Culture-related syndromes, which can be both familial and sporadic, include such as “lata”, “mirachit”, “jumping Frenchman from Maine”, “imu”, “mali-mali”, “yaun”, “hiccup” and others (there are more than 10 of them), which have been described in different countries of the world, starting from the 15th century.

The two most studied forms are "lata" and "jumping Frenchman of Maine syndrome". They occur in both familial and sporadic forms. The main manifestations are pronounced startle reactions in response to unexpected sensory (usually auditory) stimuli, which are combined with such phenomena (not necessarily all of them) as echolalia, echopraxia, coprolalia and automatic execution of orders or movements that imitate the behavior of others. These syndromes are currently rare.
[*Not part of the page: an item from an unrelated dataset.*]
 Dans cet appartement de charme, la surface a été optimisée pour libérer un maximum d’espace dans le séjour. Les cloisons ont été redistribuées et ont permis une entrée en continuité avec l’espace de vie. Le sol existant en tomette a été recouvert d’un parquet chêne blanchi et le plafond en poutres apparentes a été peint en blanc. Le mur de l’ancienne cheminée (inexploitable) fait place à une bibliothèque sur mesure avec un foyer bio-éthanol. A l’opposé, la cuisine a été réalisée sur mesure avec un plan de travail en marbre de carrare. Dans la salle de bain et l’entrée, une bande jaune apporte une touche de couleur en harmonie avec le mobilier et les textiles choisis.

B. Secondary forms of startle syndrome

Secondary forms are found in a large number of neurological and mental diseases. They include non-progressive encephalopathies (post-traumatic, post-hypoxic, perinatal anoxia), degenerative diseases, high spinal cord injuries, Arnold-Chiari syndrome, posterior thalamic artery occlusion, brain abscess, Chiari malformation, Creutzfeldt-Jakob disease, myoclonic epilepsies, rigid person syndrome, sarcoidosis, viral infections, multiple sclerosis, Tourette syndrome, hyperthyroidism and "hyperadrenergic states", Tay-Sachs disease, some phacomotoses, paraneoplastic brainstem lesions, hyperactive behavior, mental retardation, and some other conditions. Enhanced startle reactions are also found in the picture of psychogenic neurotic diseases, especially in the presence of anxiety disorders.
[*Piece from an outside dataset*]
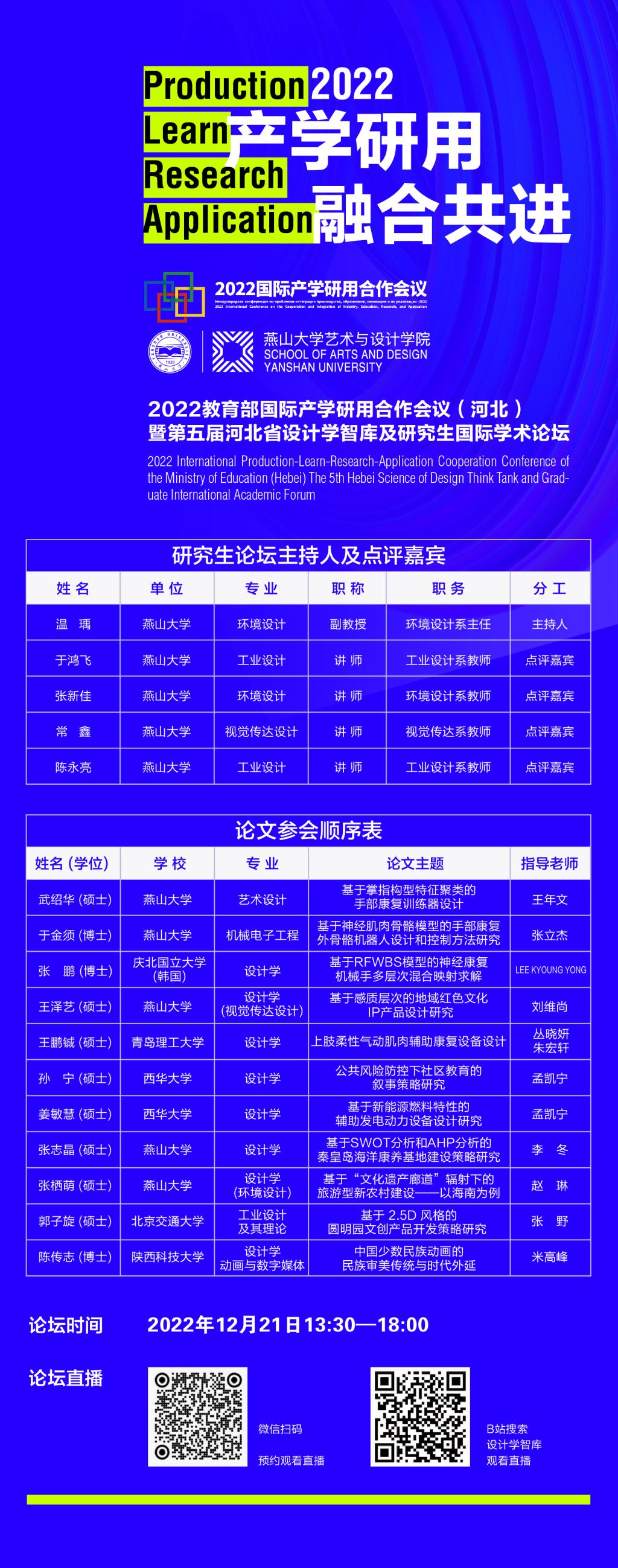 为深入学习贯彻党的二十大精神,进一步拓宽学院研究生的学术视野,启发研究生的科学思维,提升研究生的学术水平和创新能力,探花视频 定于2022年12月21日举办2022设计学研究生国际学术论坛。因疫情防控需要,本届论坛采用线上形式进行。

A special variant of secondary startle syndrome is "startle epilepsy", which does not denote a nosological unit and unites several phenomena in epilepsies of different origin. This includes epileptic seizures that are provoked by unexpected sensory stimuli ("stimulus-sensitive epilepsy"), causing a startle. Such epileptic seizures have been described in various forms of cerebral palsy, as well as in patients with Down syndrome, Sturge-Weber disease, and Lennox-Gastaut syndrome. Startle-induced epileptic seizures can be either partial or generalized and are observed in lesions of the frontal or parietal region. Clonazepam and carbamazepine have a good effect (especially in children).